I'm not really following what you're saying. Sorry. Let's say ND is at 2036.5 gold is at 651.30. What's the next step?

I've found the most effective method is to take historical one day (/ one hour / five minute...what ever duration you like) % price change of the insturments you're comparing and enter the historic prices in excel. Then run the 'CORREL' function.

So your suggestion is to line up each days percent change in two columns in excel. Then run CORREL function?

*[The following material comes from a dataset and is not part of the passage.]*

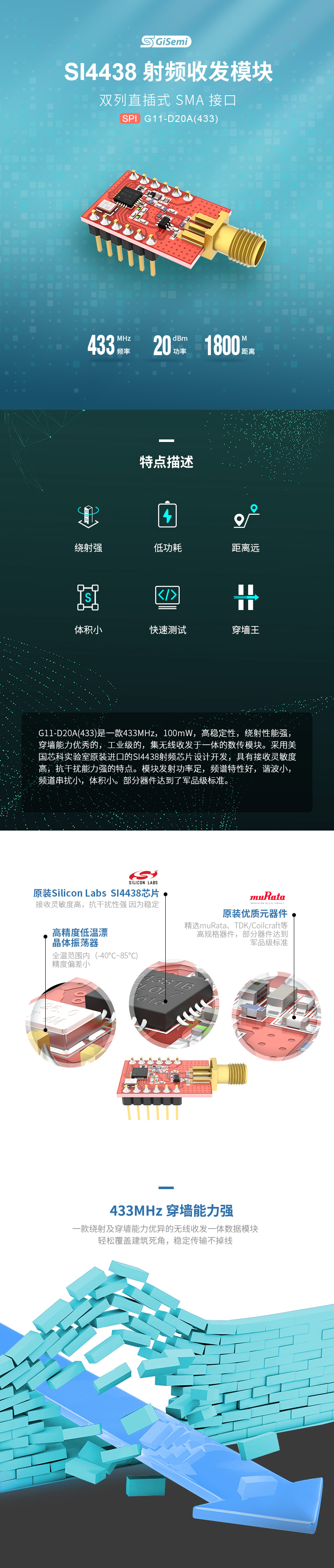 G11-D20A(433)是一款433MHz,100mW,高穩(wěn)定性,繞射性能強(qiáng),穿墻能力優(yōu)秀的,工業(yè)級(jí)的,集無(wú)線收發(fā)于一體的數(shù)傳模塊。采用美國(guó)芯科實(shí)驗(yàn)室原裝進(jìn)口的SI4438射頻芯片設(shè)計(jì)開(kāi)發(fā),具有接收靈敏度高,抗干擾能力強(qiáng)的特點(diǎn)。模塊發(fā)射功率足,頻譜特性好,諧波小,頻道串?dāng)_小,體積小。部分器件達(dá)到了軍品級(jí)標(biāo)準(zhǔn)。
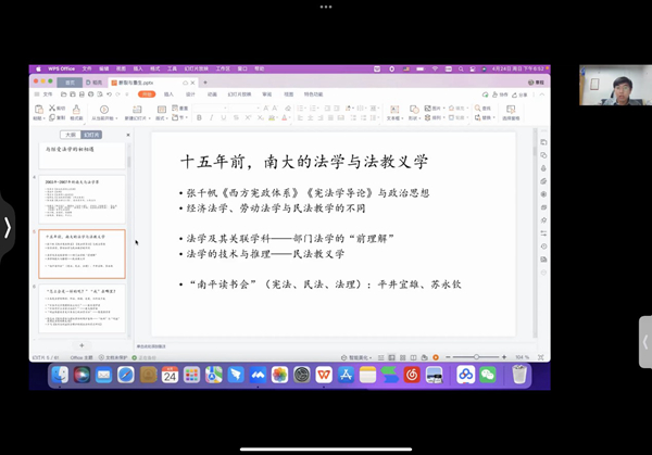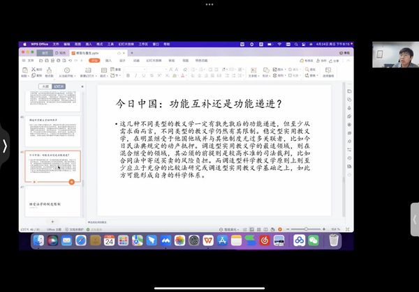 讲座伊始,解亘教授对于章程老师的学习和教学科研经历做了简要的介绍。章程老师表示,此次能够通过在线方式回到母校做报告,再次见到母校的师友,内心非常激动。讲座伊始,章程老师结合自己的求学经历,尤其是在南京大学的本科岁月,指出继受法的学习和研究在东亚法域的重要意味;而对于当下中国的民法学研究来说,要意识到不同国家和地区法学发展路径的差异,并通过理性的研究去不断地追寻“自我”。

He suggests taking the logarithm of the price, because the lognormal distribution is bounded from below by zero, just like asset prices (they can't have a negative price). (Someone correct me if I remember wrong) Take the log of each price, find the Covariace between asset A and B and their STD. Correlation = Cov(A,B)/ (STD(A)*STD(B)). -Neo

first, scaling is not relevant when using correlation, since correlation subtracts the mean of every variable and divides by the std. second, i don't understand the log suggestion somebody gave you. either you're interested in the variables correlation or in their logs correlation. the log-normal distribution isn't relevant IMO. third, the first value issue you've mentioned is not relevant if your data is long enough. (you can try and see) fourth, i would suggest calculating a "sliding correlation": decide the time period which is relevant (according to your system e.g. 20 days or so) and calculate the correlation of each 20 values. meaning: correlation(var1(i:i+19),var2(i:i+19)) and than correlation(var1(i:i+19),var2(i:i+19)) etc. this way you could find areas in time where the correlation had skew and maybe see the reasons why this happed. it's easy to do even with excel. hope this helps

Neo dude is correct. The formula he refers to is the same as the function 'Correl' in Excel. the function just saves the bother of typing it out in the worksheet. it's a good methodology and I've written pairs trading models (for equities) using this.

Alright so I got correlation down. Gives you values between 1 and -1. So I'm assuming the higher the hist. correl. and higher the price divergence . . . the better chances the gap should close?